Congresso PS: António Costa já está à espera de eleições legislativas

António Costa é um líder que tem conseguido feitos históricos para o Partido Socialista. O congresso que decorreu este fim de semana na FIL, em Lisboa, não foi excepção – o facto do congresso foi um dos hinos escolhidos para intercalar as intervenções dos militantes no sábado e na manhã de domingo. 

Nada mais, nada menos que a música da série “CSI – Investigação Criminal” – “ Out Here in The Field”. Ora, considerando as investigações criminais que recaiem sobre ex-dirigentes de topo do PS, a escolha da música que retrata a investigação criminal da unidade das polícias de Nova Iorque, Las Vegas ou Miami só pode ter sido uma piada marota dos animadores de serviço do PS e da JS. 

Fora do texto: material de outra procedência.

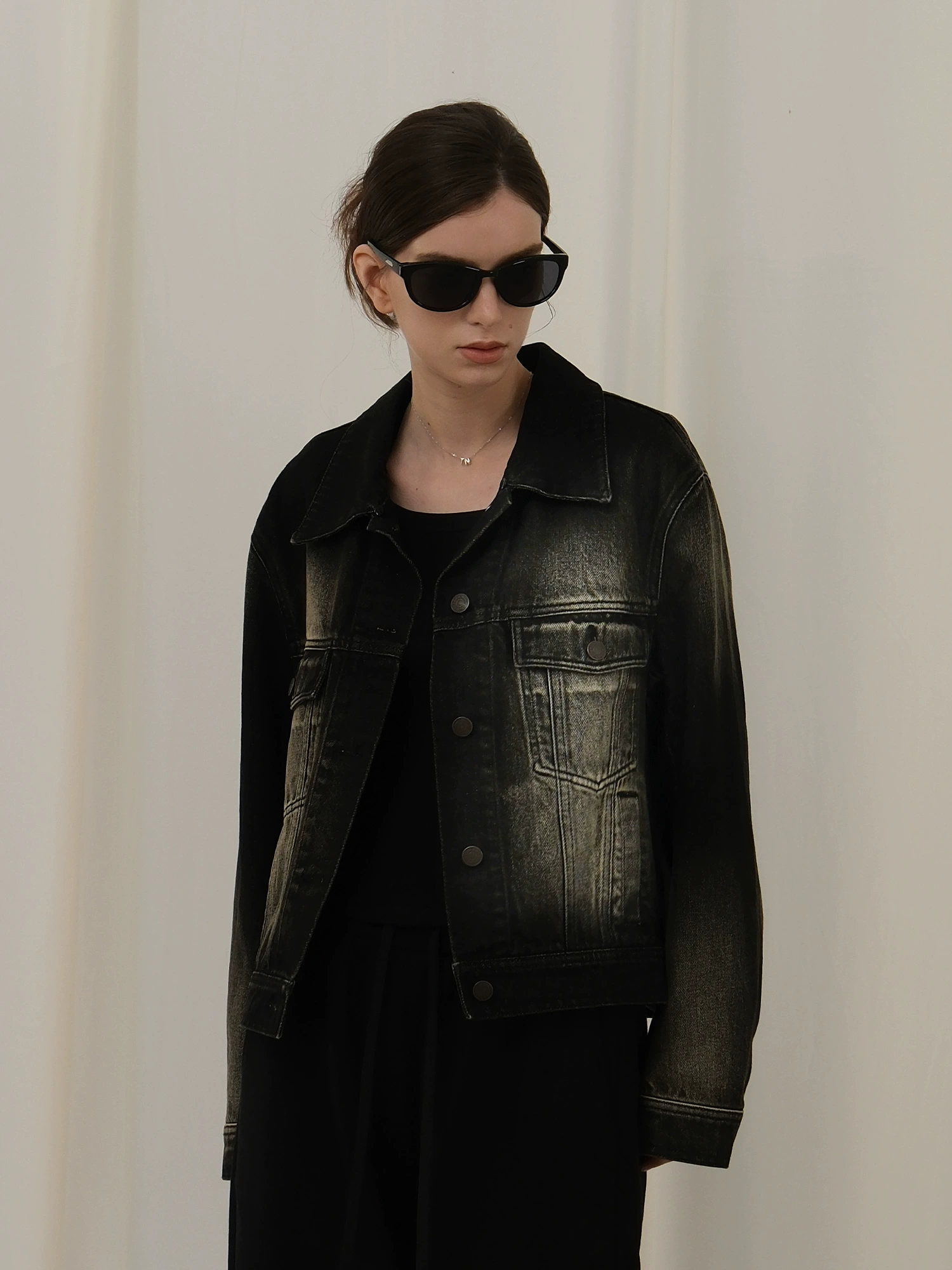 Cropped black denim – vintage reborn.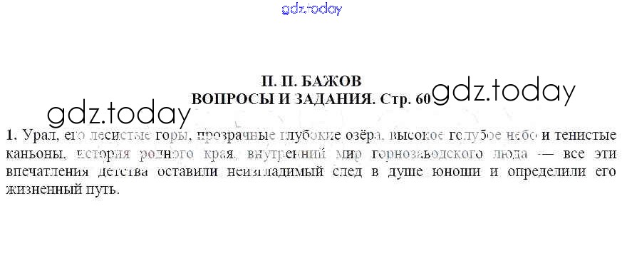 На страницах сайта gdz.today вы найдете учебный и вспомогательный материал, направленный на улучшения знаний школьной программы. ГДЗ - онлайн мир знаний П.П. Бажов Решение к части 2 (Темы) страница 60 Учебнику по Литературе для 5 класса Чертов, Трубина Просвещение 2018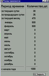 Экран « Расход термопакетов»

Quanto ao resto, o que dizer? Confirma-se que António Costa é um político muito habilidoso: conseguiu perorar durante uma hora e mais alguns minutos adicionais sem colocar em risco o acordo com as forças políticas da extrema-esquerda que dirigem a geringonça, que é dizer, sem irritar comunistas e bloquistas. Como? António Costa – que tem fama de político corajoso – seguiu o caminho mais fácil: abordar apenas temas pouco controversos, expondo matérias em que o acordo já foi obtido ou é dispensável. Sobre questões estruturantes para o futuro do país, que exigem uma ampla discussão na economia portuguesa e cuja execução plena não prescindem de um acordo com os partidos moderados e de poder (PSD e CDS) – António Costa não pronunciou uma palavra. Uma letra sequer. 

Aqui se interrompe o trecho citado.